Incannex Healthcare Inc. announced the successful completion of a pre-IND (Investigational New Drug) meeting with the U.S. Food and Drug Administration (FDA) regarding the development of CannQuit-O for treatment of Opioid Use Disorder (OUD). The pre-IND teleconference included representatives from various divisions of the FDA providing input on the CannQuit-O development program. The Agency had reviewed the CannQuit-O meeting package and provided recommendations on the proposed clinical development strategy, including patient populations, the selection and timing of efficacy endpoints and safety monitoring.

These recommendations were discussed during the pre-IND teleconference where the company had the opportunity to seek further clarification on the agency?s initial response. The productive discussion with the FDA is an important milestone for the development of CannQuit-O and provides Incannex with clarity on the data required to open an IND with the FDA for this product and provides valuable guidance for successful clinical development in the OUD indication. CannQuit-O is a chewable tablet with unique characteristics provided by novel combination of registered/FDA-approved polymers allowing for rapid and sustained release of its active ingredients, including an opioid agonist, antagonist and cannabidiol (CBD).

The working hypothesis is that the bioavailability profile of the drugs can be significantly improved when formulated as water-soluble, chewable tablet.
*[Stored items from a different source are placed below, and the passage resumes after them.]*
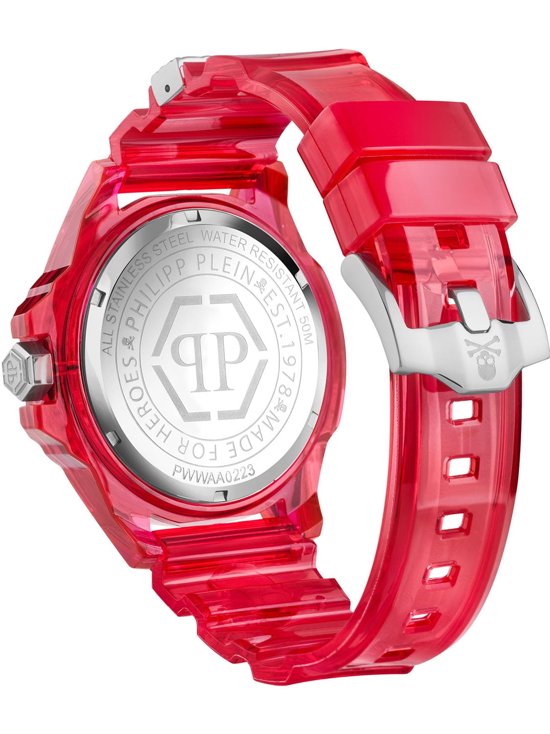 Модель Philipp Plein PWWAA0223 из коллекции The $kull Scuba Duba Edition — это выразительный аксессуар, сочетающий в себе смелый дизайн и функциональность. Корпус диаметром 44 мм выполнен из пластика, подчёркивая современный стиль модели. Чёрный циферблат с фирменным черепом Philipp Plein придаёт часам характерный вид.
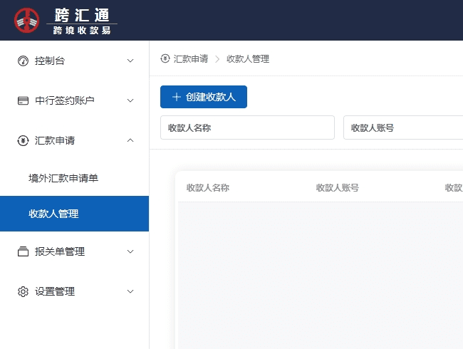 第四步:进行收款人管理并在线填写境外汇款人申请单,进行汇款。
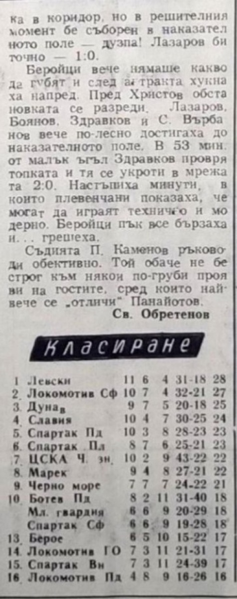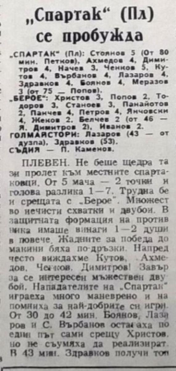 «Спартак» Плевен - «Берое» Стара-Загора - 2:0
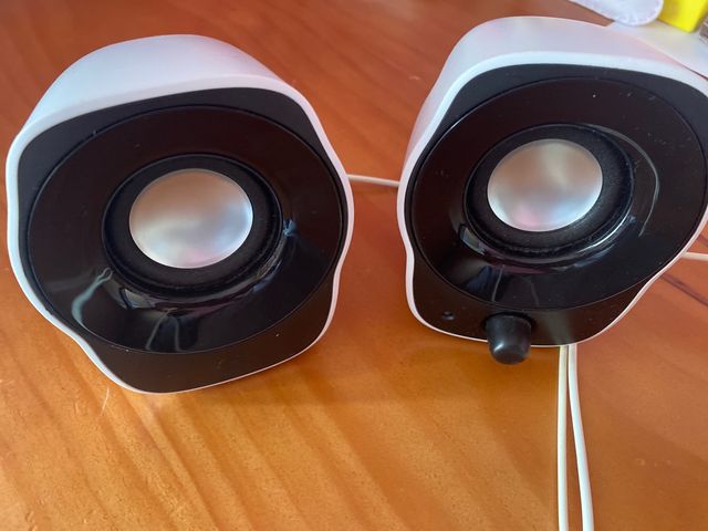 Altavoces Logitech blancos, conexión con cable En muy buen estado Volumen ajustable con ruleta
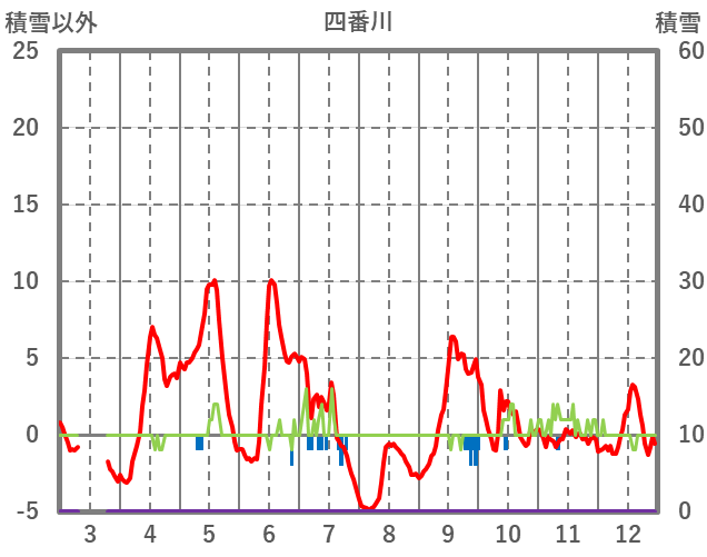 | 日 | 時 | 気温 | 降水 | 風向/風速 | 日照 | 積雪 | 降雪 |
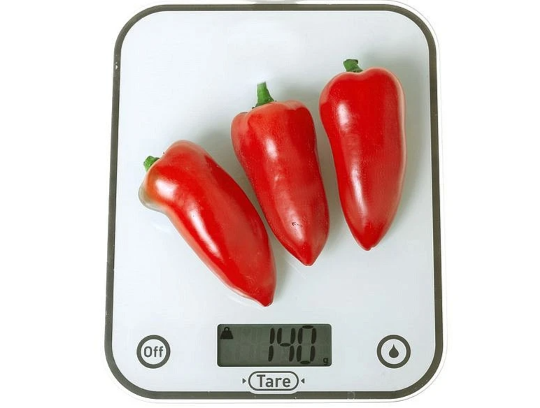 Плоды глянцевые, яркие, конической формы, насыщенно-красного цвета, длиной 8-10 см и массой 45-55 г. Плоды очень ароматные, сладкие, с толщиной стенки 4-5 мм.

Incannex owns patents on chewable formulations cannabinoids and opioid agonists and/or antagonists and it is hypothesised that this combination of active pharmaceutical ingredients and delivery system will provide benefits for sufferers of OUD, of which there are estimated 26.8 million people worldwide1. In the USA the opioid epidemic has been declared a public health emergency, affecting millions with the misuse of prescription opioids and illicit substances.

According to the National Institute of Health (NIH), by far the largest components of the overall economic burden, however, are the value of reduced quality of life from opioid use disorder ($390.0 billion) and life lost to opioid overdose ($480.7 billion). These two cost components account for over 85% of the total economic burden. The Global OUD market size was valued at USD 2.8 Billion in 2022 and is estimated to grow at CAGR of 10.7% from 2022-2032, reaching USD 7.8 Billion in 2032.

Asia Pacific is expected to grow the fastest during the forecasted period.